**Work to be completed**
Would you repeat word for word the lines of the listing that follows, from the one with "Vi gjør en justering" up to and including the one with "Ош, 31.07.18. /Кабар/.", and leave out the images?
[[ Entries supplied open ]]
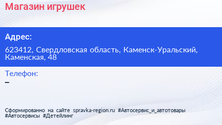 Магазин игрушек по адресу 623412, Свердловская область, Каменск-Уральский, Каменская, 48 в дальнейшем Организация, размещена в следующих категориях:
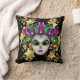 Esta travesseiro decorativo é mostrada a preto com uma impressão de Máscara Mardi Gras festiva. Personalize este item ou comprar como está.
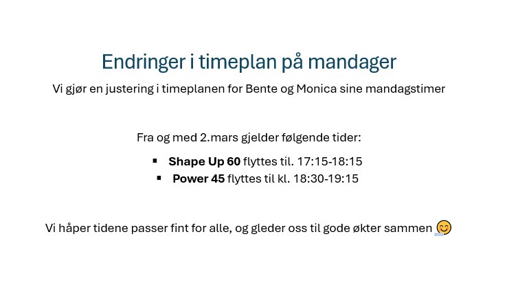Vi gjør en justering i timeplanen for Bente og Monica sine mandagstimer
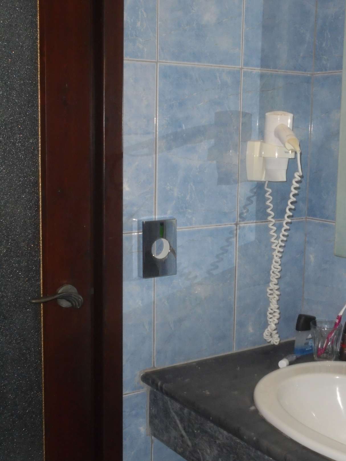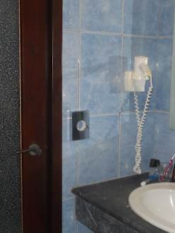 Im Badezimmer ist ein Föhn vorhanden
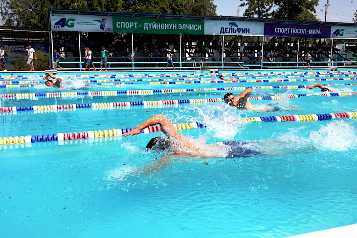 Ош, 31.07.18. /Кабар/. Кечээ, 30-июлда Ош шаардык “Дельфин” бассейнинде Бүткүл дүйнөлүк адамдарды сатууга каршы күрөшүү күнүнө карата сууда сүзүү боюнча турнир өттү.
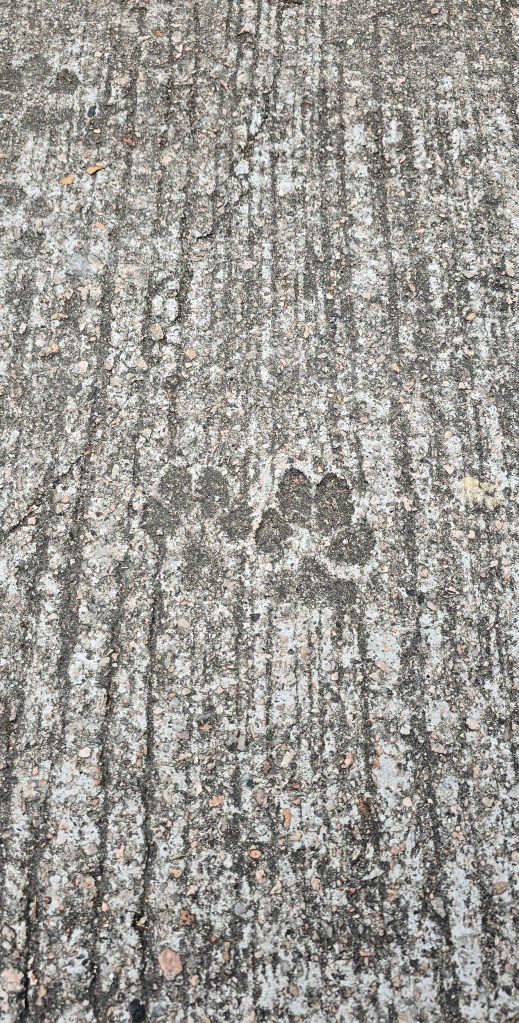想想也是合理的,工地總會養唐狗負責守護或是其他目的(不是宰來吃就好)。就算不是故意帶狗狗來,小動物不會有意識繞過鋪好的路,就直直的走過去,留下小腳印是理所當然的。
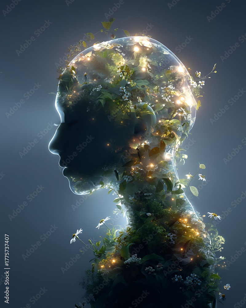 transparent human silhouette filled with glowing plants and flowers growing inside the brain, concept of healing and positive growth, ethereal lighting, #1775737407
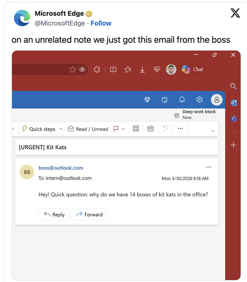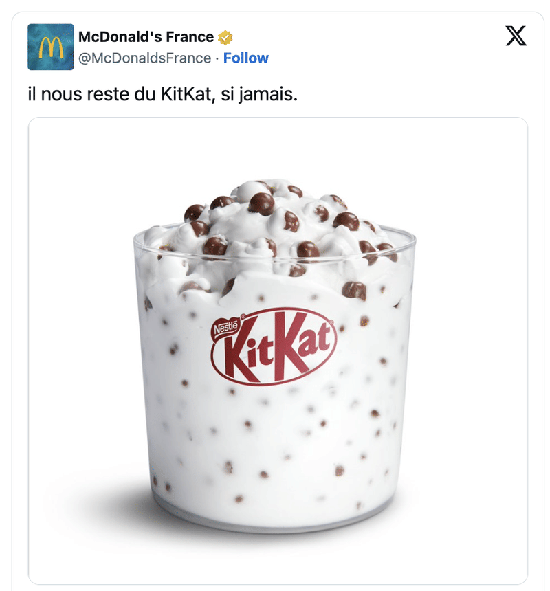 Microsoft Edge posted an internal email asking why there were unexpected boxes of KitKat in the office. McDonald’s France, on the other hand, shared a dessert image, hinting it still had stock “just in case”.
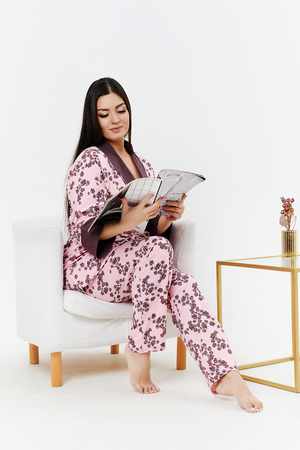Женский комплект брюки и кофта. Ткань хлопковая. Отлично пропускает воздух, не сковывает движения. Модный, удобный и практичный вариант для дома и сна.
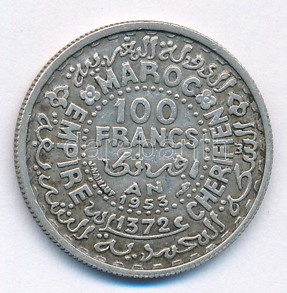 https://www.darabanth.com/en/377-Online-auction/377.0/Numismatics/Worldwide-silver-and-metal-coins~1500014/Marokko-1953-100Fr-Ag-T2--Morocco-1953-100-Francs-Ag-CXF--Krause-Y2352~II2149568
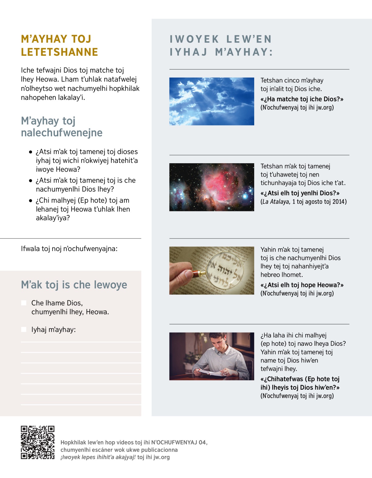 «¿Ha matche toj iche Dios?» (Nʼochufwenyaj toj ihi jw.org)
[[ Entries supplied closed ]]
[[ Entries supplied open ]]
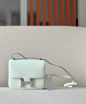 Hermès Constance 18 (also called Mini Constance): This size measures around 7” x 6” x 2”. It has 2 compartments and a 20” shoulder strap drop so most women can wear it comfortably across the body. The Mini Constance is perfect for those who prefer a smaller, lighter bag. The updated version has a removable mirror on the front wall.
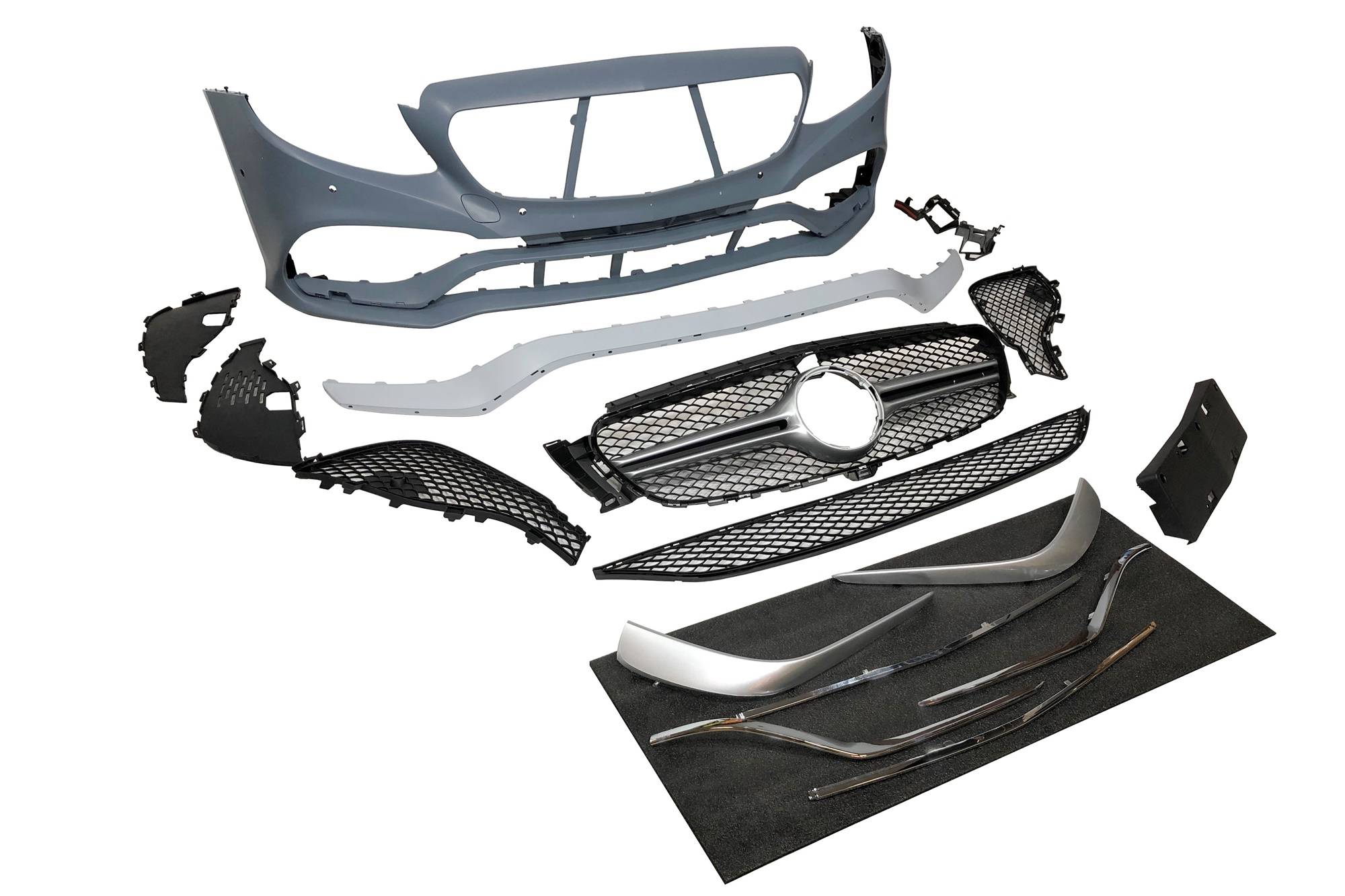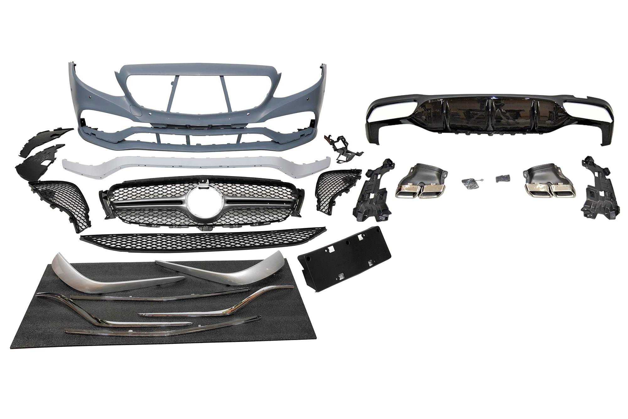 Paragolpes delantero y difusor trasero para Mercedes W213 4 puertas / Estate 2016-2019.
[[ Entries supplied closed ]]
**Written response**
Vi gjør en justering i timeplanen for Bente og Monica sine mandagstimer
 Im Badezimmer ist ein Föhn vorhanden
 Ош, 31.07.18. /Кабар/. Кечээ, 30-июлда Ош шаардык “Дельфин” бассейнинде Бүткүл дүйнөлүк адамдарды сатууга каршы күрөшүү күнүнө карата сууда сүзүү боюнча турнир өттү.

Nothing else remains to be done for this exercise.